Hello,

Gnunet is flooding my disk with a huge log file in ~/.cache/gnunet/gnunet-2020-080-26.log, this file contains lots of such entries:

Aug 28 10:01:06-523074 util-service-967 WARNING Processing code for message of type 367 did not call `GNUNET_SERVICE_client_continue' after 39 h

Before looking at the root cause of these logs, I'd like gnunet NOT to log things on-disk, but to send its logs to syslog() instead so I could review them with systemd's journalctl.
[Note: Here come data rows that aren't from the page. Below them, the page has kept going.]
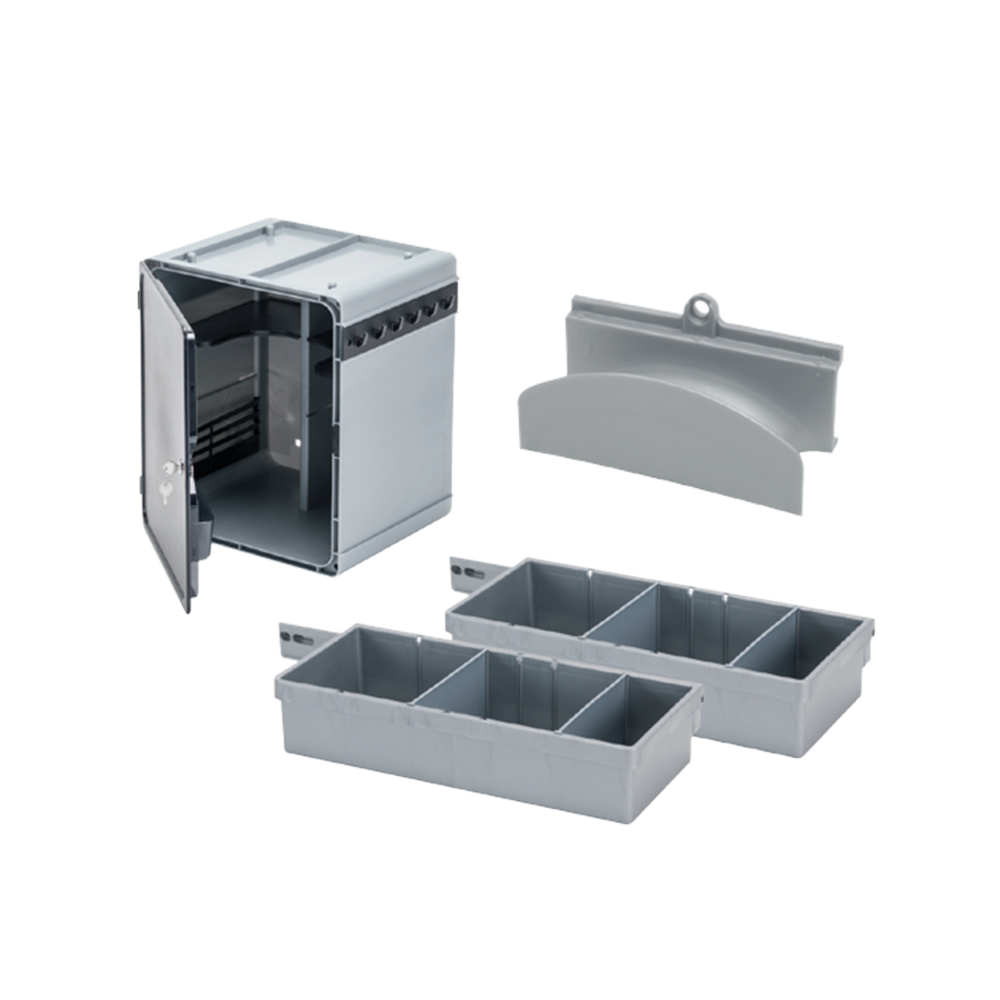 För att förhindra att damm och skräp samlas ovanpå skåpet kan det utrustas med lutande topp som tillval.
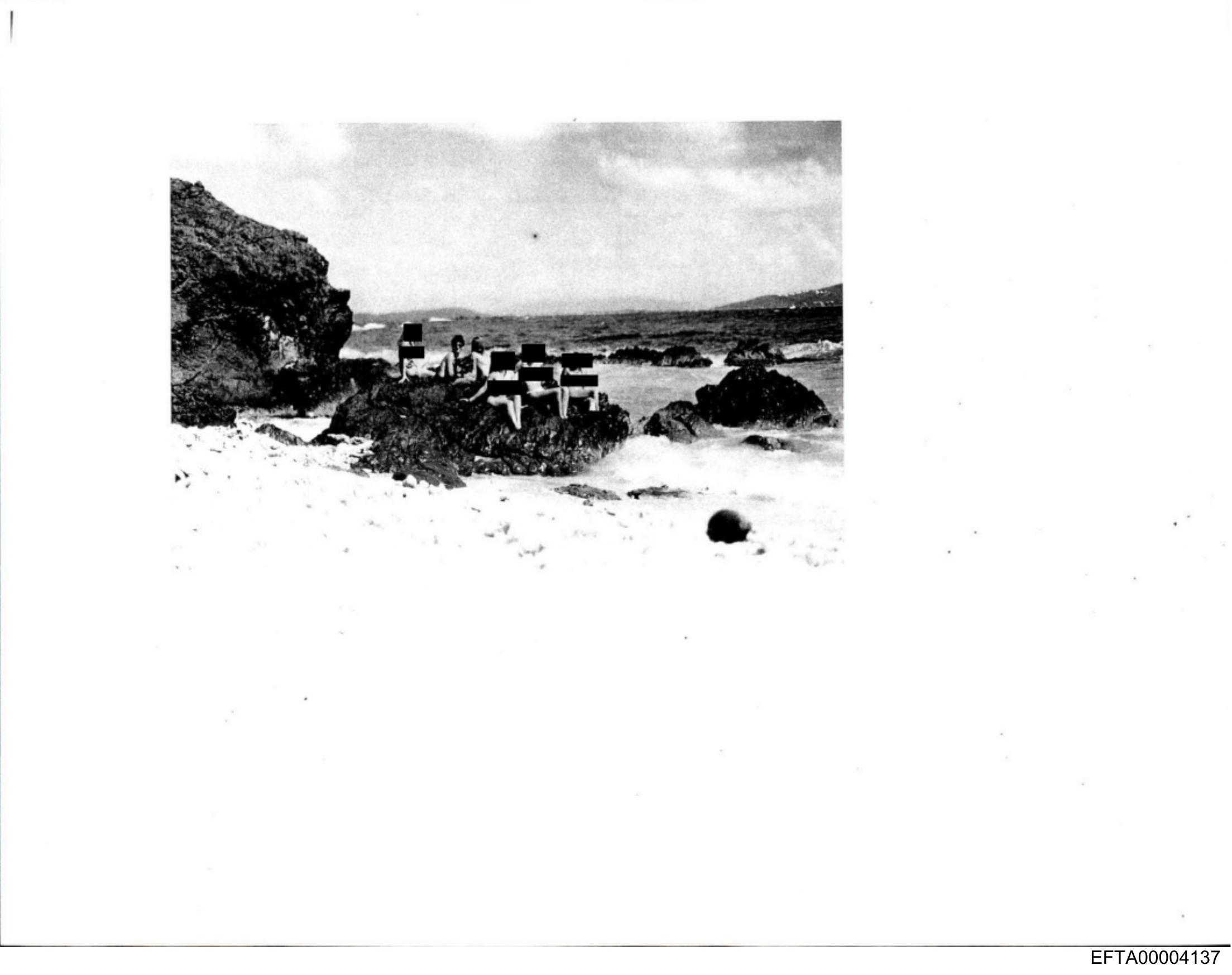 This is a black and white photograph depicting a beach scene with a rocky shoreline.
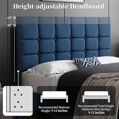 Height-Adjustable Headboard: The headboard of the full upholstered bed frame can be adjusted at two heights (40″ and 43″), and you can adapt it to the optimal height for your needs
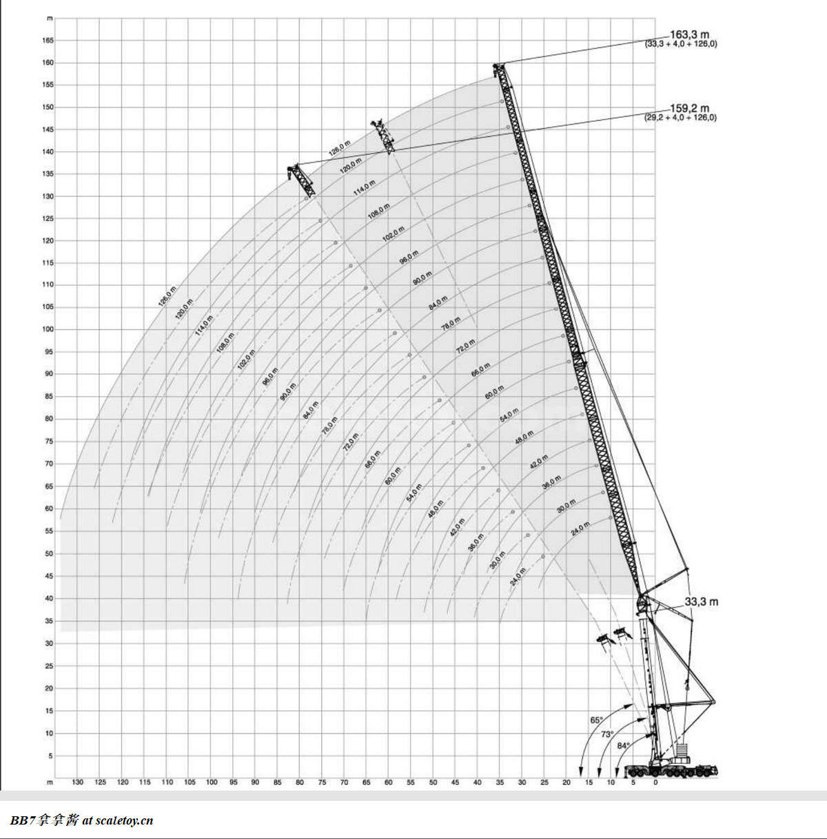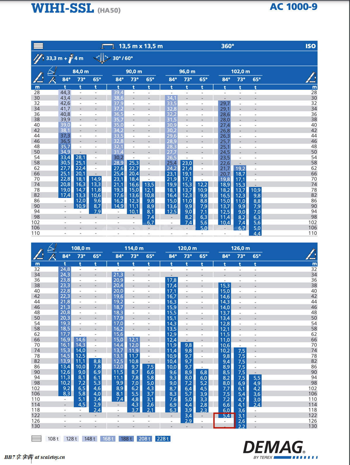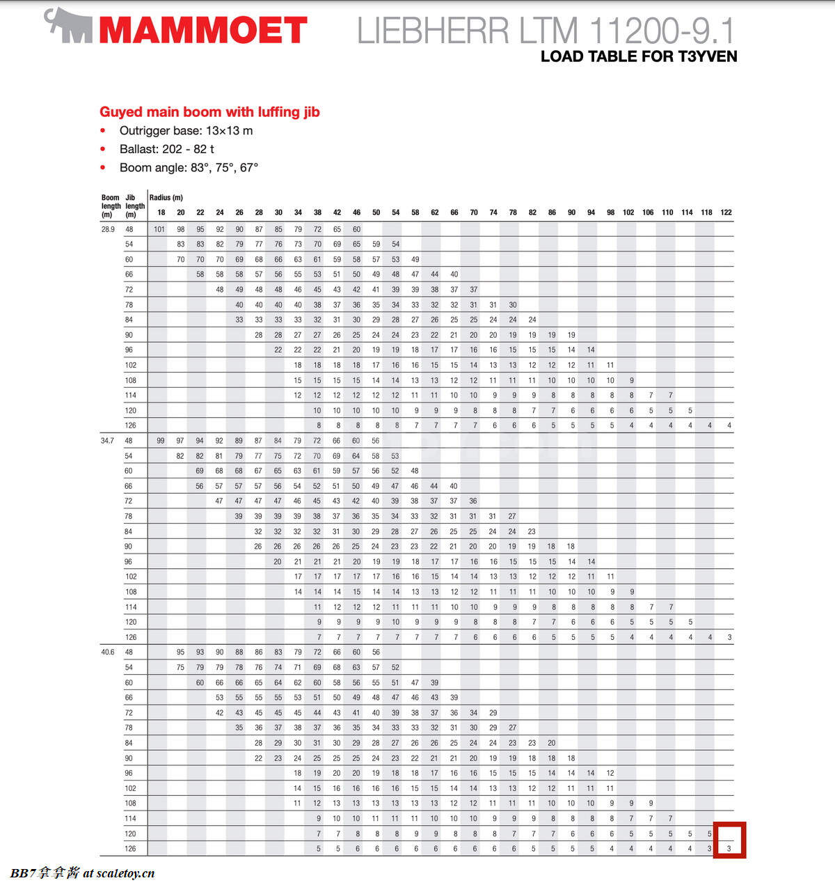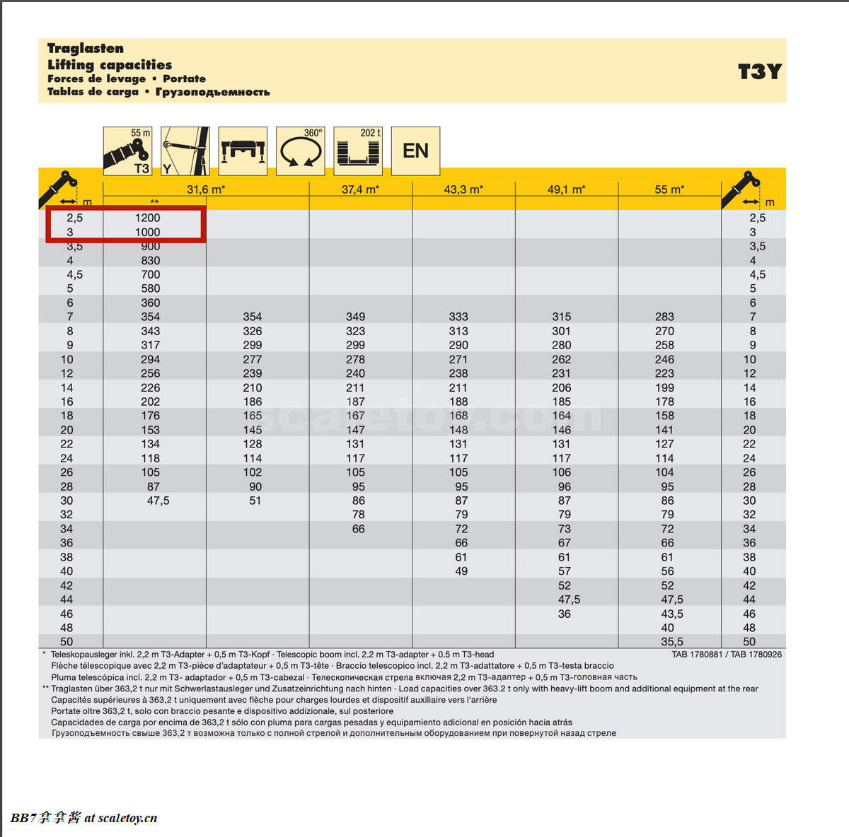 言归正传,让我们来正式开始聊利勃海尔的当家网红ltm11200,先从真车背景介绍开始。ltm11200-9.1的意思是9轴全地面1200吨级伸缩臂起重机第一代(L指Liebherr,T指Telescopic,M指Mobilkran)。不过其实看工况表我们可以知道这车其实是1000吨级,3m半径(全地面伸缩臂起重机通用吨位计算半径)起重吨位只有1000t,2.5m才是1200t。
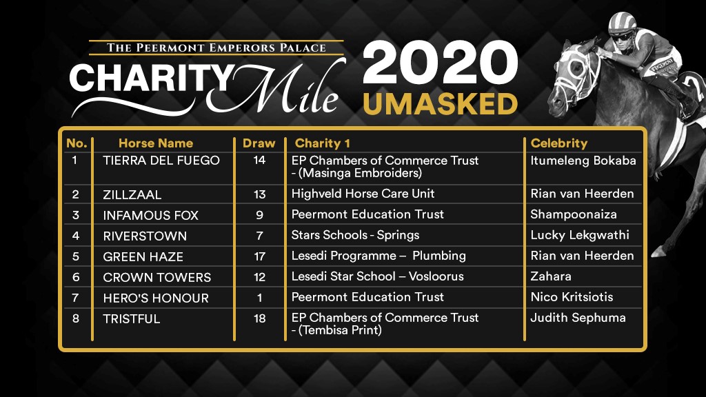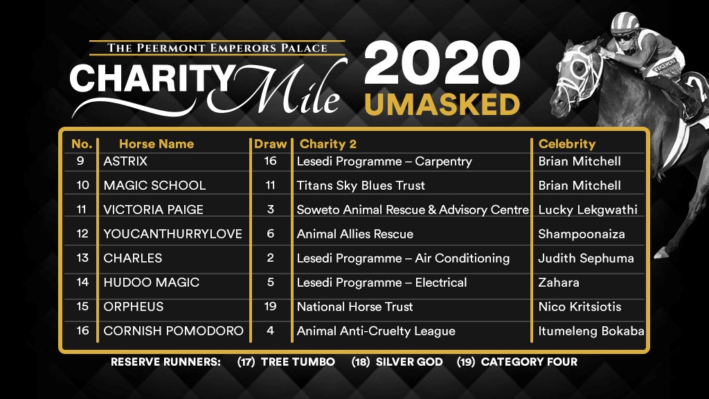 On 27 October the routine Barrier draw took place at the TellyTrack studios in Sandton where a random draw determines which horse represents which charity. This year, because of social distancing, there are 8 celebrities who each represent 2 charities. This is the results for the race on 31 October are as follows with each celebrity, their charities and the horse in the race:
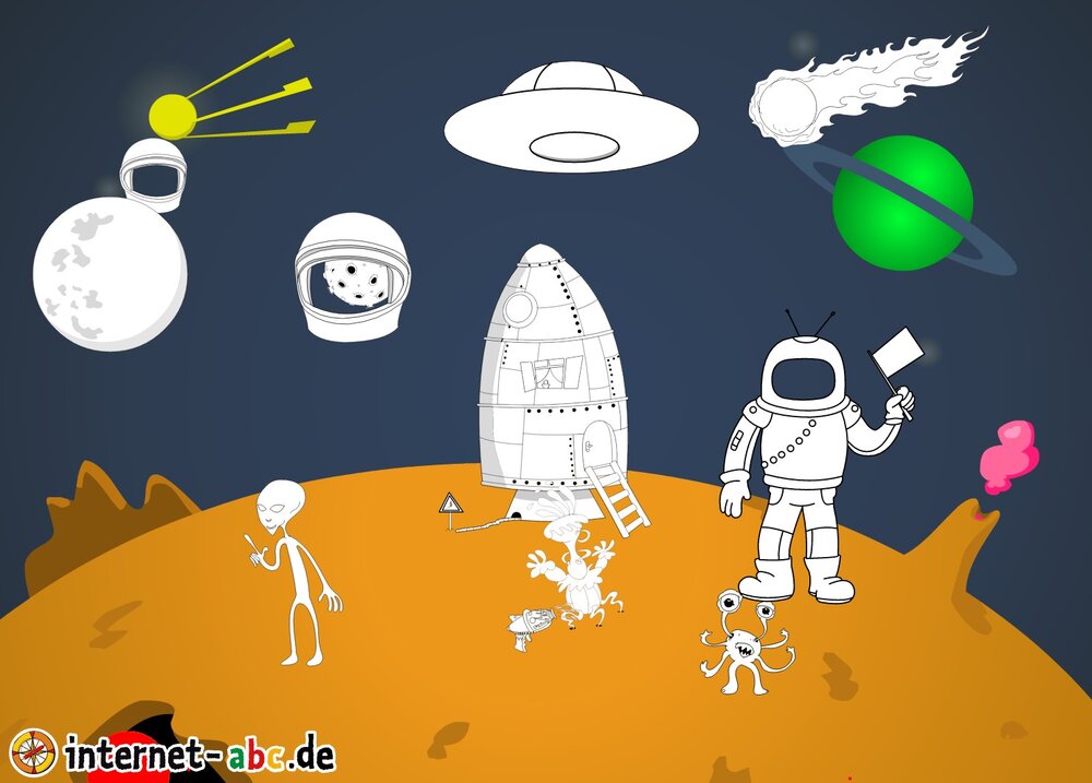 Mit der Rakete fliegen die 4 Internet-ABC-Tiere in den Weltraum. Was sie dort sehen und erleben, könnt ihr in diesem Baukasten malen und erzählen.
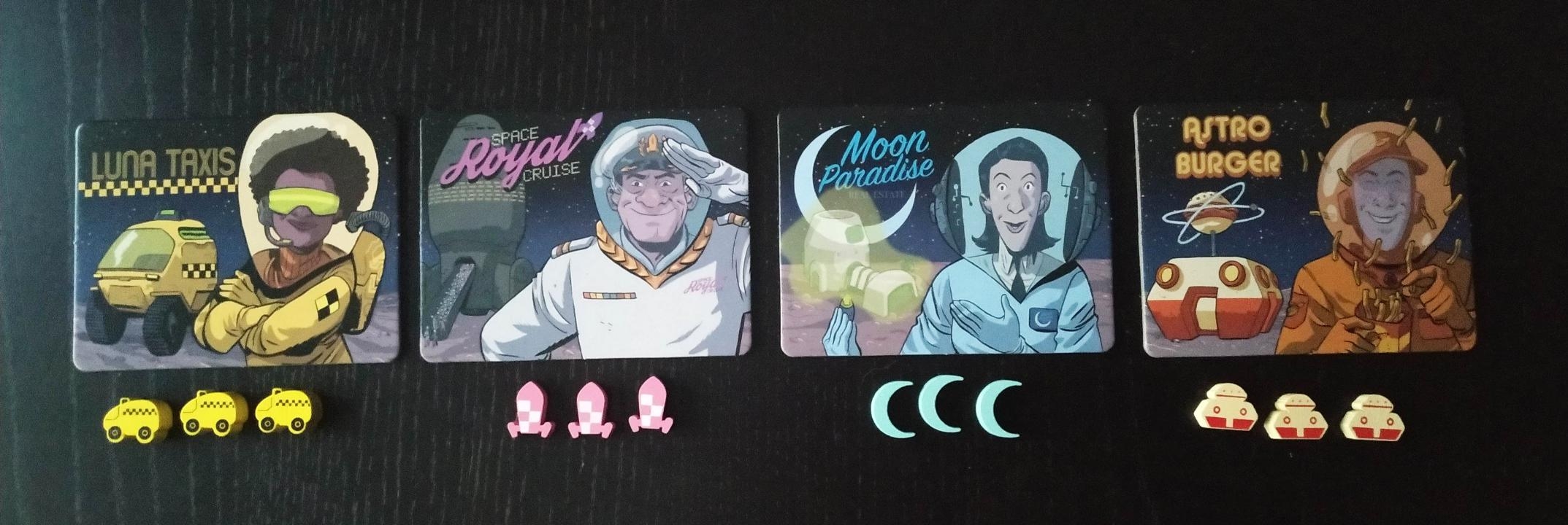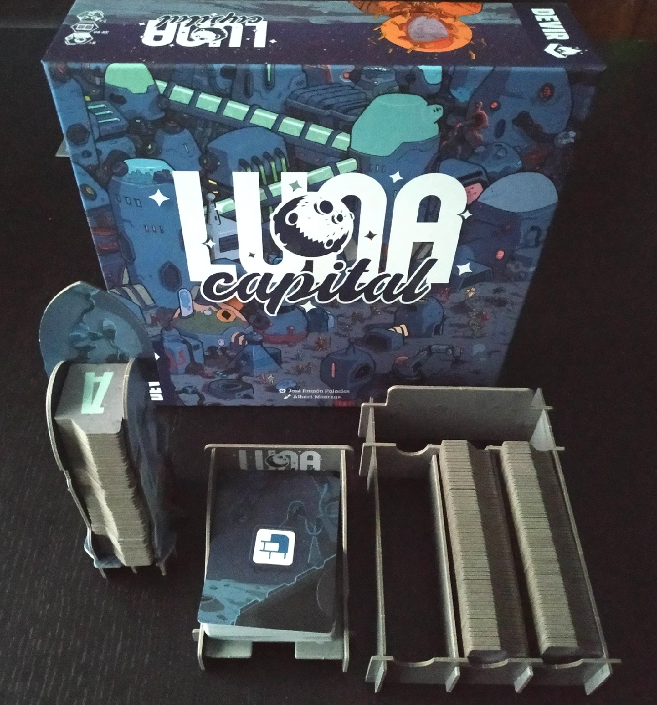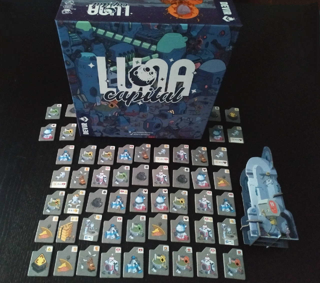Al final de la partida, quién haya sido capaz de aprovechar mejor la colocación de las losetas y la disposición de las cartas, se convertirá en el ganador de Luna Capital.

Question is - how should I proceed?

I noticed that gnunet mostly logs things by calling a LOG() function that is redefined on a per-module basis and usually points to GNUNET_log_from(), the latter being a short #define snippet in include/gnunet_common.h that may call GNUNET_log_from_nocheck() from util/common_logging.c, which itself calls a static mylog() function from the same module.

The amount of chained functions and definitions is slightly confusing me, so before blindly hacking the code, I'm asking here: what would be the "proper" way I should follow to make gnunet output logs through syslog? In common_logging.c there are some convenience functions like GNUNET_logger_add() and GNUNET_logger_remove() - but I have no clue how one is supposed to interact with them. Any hints please?

On a side note - is there some kind of documentation about the code architecture? I mean typically - "what does module x is supposed to do, in what context it is called and by who".